[[ Data to process, beginning ]]

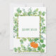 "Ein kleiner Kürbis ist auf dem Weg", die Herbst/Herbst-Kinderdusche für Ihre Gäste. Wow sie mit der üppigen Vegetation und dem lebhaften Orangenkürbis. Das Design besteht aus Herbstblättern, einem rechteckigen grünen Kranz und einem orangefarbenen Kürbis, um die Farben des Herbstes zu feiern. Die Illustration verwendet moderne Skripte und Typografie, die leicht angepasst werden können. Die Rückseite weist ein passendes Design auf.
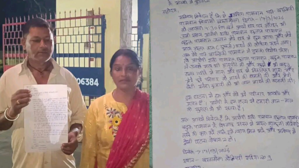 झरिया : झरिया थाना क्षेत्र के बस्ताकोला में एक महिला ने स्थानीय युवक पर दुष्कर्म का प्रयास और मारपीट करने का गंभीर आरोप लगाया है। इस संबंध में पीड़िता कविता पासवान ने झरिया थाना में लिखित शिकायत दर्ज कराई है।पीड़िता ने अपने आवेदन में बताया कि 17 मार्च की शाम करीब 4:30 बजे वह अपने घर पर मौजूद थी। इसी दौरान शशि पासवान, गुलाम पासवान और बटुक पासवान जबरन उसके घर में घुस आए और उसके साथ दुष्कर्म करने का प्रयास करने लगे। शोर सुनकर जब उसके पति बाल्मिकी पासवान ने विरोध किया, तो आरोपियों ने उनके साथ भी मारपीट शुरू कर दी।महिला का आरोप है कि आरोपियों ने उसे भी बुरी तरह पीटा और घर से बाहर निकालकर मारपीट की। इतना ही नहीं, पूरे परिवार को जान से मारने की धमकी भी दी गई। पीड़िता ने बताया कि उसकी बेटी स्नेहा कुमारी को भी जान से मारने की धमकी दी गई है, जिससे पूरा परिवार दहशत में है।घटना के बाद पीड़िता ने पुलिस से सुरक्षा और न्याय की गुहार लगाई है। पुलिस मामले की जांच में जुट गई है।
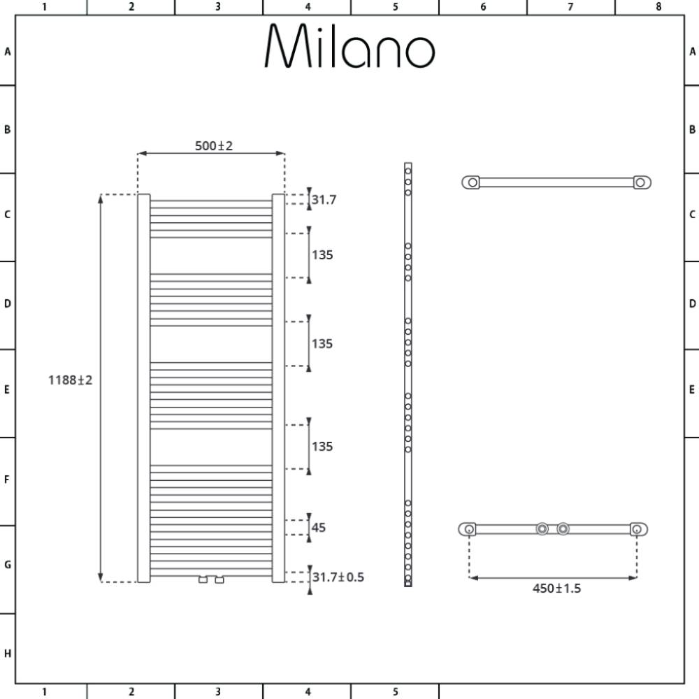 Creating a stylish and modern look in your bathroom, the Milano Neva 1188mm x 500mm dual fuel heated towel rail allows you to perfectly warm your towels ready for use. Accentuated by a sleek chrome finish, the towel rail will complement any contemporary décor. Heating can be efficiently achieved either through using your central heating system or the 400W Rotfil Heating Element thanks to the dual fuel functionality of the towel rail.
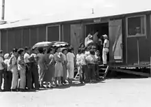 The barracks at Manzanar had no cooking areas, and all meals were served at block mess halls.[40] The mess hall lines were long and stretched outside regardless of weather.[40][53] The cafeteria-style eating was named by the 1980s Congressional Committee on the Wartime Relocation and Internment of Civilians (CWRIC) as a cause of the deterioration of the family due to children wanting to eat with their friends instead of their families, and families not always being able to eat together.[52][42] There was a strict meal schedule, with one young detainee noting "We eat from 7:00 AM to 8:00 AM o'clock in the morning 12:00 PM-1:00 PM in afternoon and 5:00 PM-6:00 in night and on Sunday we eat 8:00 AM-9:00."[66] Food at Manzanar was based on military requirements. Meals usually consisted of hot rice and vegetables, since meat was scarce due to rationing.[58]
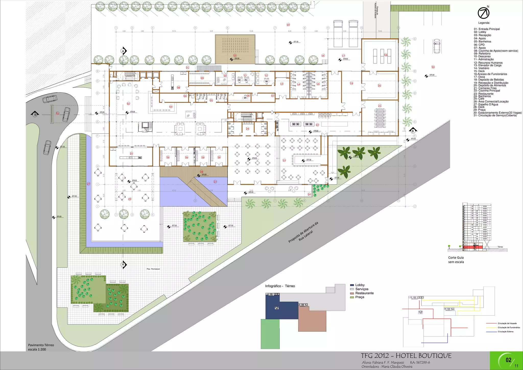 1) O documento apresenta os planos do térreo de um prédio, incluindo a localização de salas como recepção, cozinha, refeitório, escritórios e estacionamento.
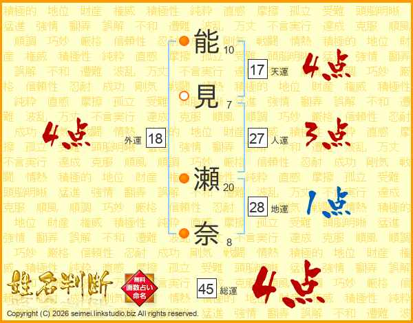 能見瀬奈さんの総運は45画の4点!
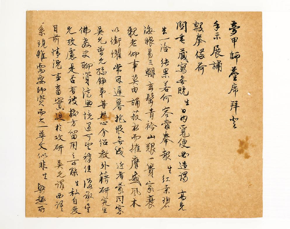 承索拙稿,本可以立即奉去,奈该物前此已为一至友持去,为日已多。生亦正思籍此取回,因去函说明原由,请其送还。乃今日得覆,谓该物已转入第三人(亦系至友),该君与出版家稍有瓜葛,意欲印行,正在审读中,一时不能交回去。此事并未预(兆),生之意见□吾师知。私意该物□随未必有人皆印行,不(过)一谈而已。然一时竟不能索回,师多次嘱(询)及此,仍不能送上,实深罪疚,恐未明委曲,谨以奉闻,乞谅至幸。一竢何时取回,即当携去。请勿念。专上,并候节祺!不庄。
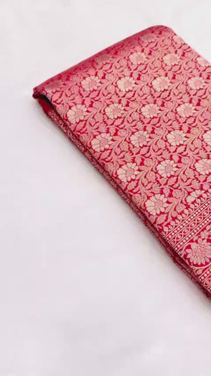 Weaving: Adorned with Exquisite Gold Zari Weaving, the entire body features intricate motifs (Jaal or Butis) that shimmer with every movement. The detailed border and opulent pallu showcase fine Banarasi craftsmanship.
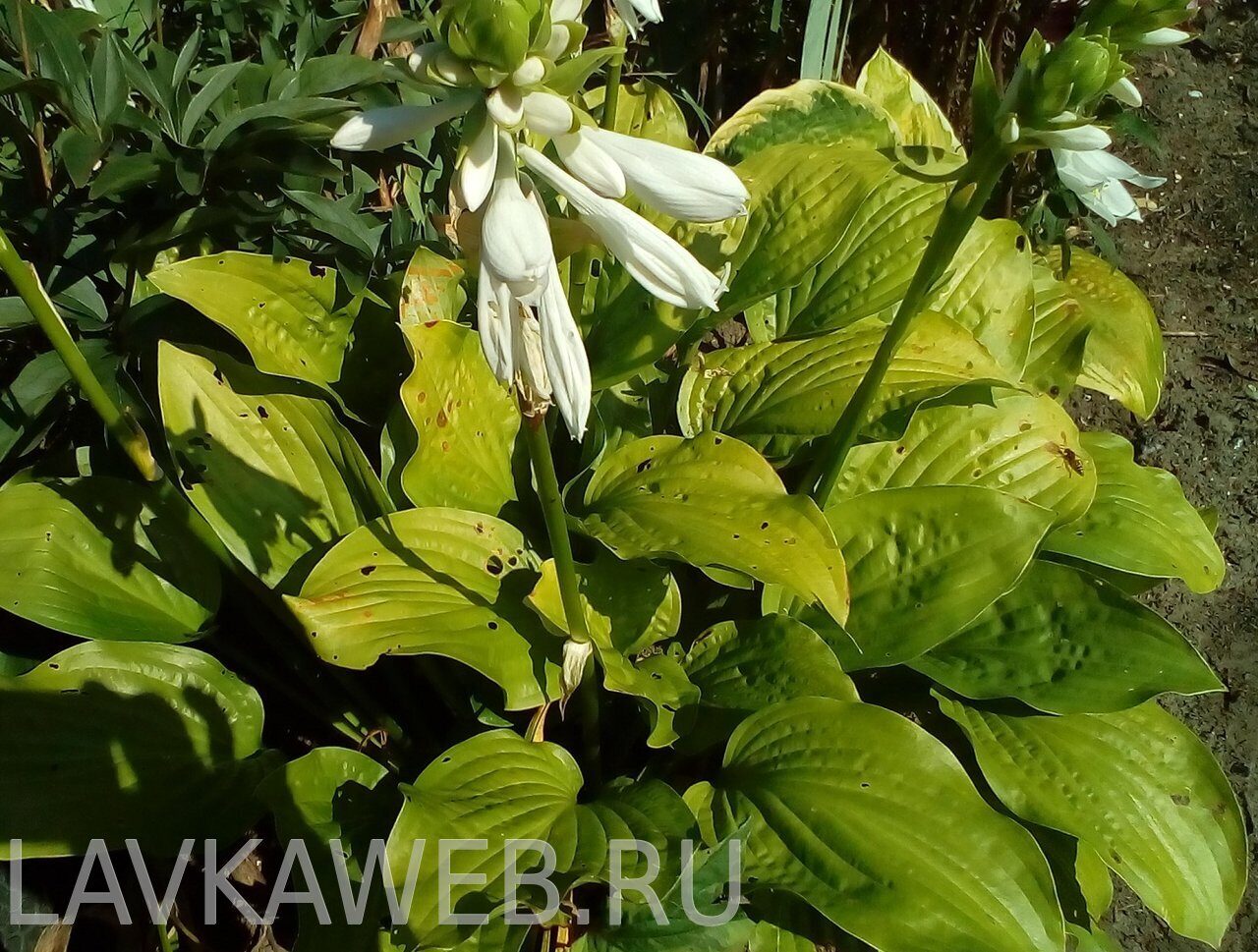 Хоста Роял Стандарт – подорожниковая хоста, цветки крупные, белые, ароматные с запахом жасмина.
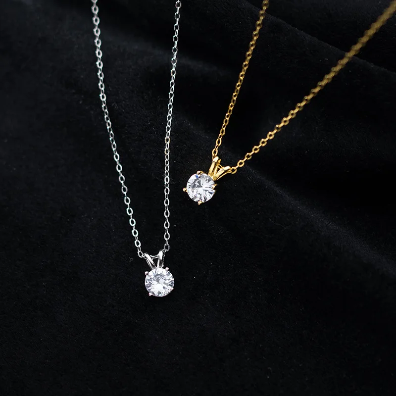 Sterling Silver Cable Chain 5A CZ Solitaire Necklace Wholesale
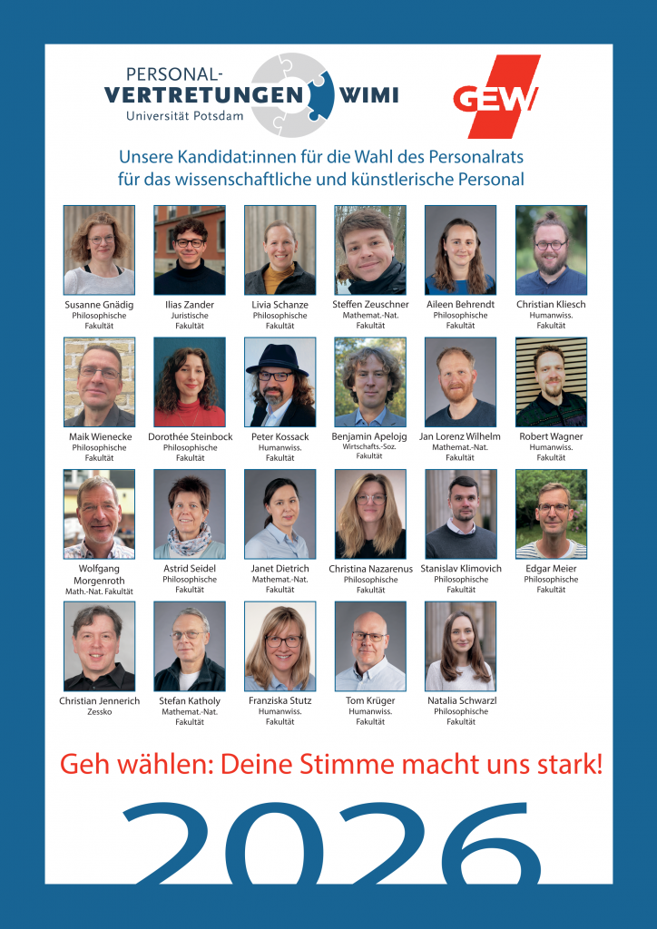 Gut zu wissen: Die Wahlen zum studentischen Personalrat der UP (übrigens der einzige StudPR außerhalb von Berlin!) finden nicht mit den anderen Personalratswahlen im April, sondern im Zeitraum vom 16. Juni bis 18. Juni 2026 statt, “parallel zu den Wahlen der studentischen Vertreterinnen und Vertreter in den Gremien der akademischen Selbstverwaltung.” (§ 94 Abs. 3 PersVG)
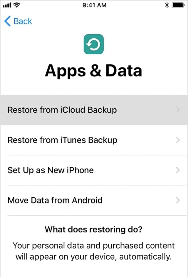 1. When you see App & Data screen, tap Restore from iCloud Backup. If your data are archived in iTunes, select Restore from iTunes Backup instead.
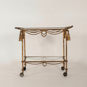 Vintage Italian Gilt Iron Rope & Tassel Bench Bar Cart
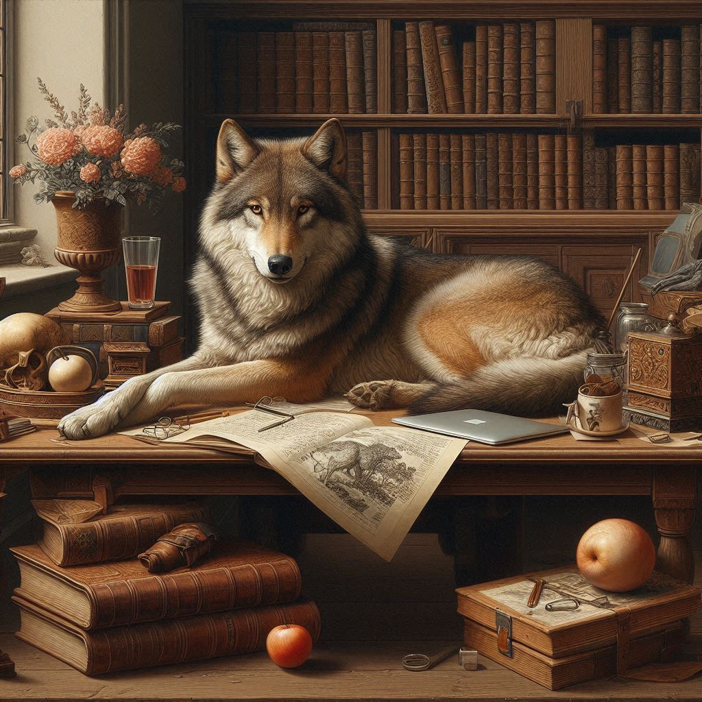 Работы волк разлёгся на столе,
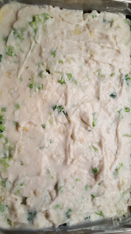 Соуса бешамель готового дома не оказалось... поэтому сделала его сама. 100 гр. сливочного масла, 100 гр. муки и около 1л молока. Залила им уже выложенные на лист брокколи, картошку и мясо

[[ Data to process, end ]]

→ **What the task requires**:
Range to copy from the listing above: the line with "1. When you" through the line with "Работы волк разлёгся". Transcribe it exactly and skip the pictures.

→ **Task answer**:
 1. When you see App & Data screen, tap Restore from iCloud Backup. If your data are archived in iTunes, select Restore from iTunes Backup instead.
 Vintage Italian Gilt Iron Rope & Tassel Bench Bar Cart
 Работы волк разлёгся на столе,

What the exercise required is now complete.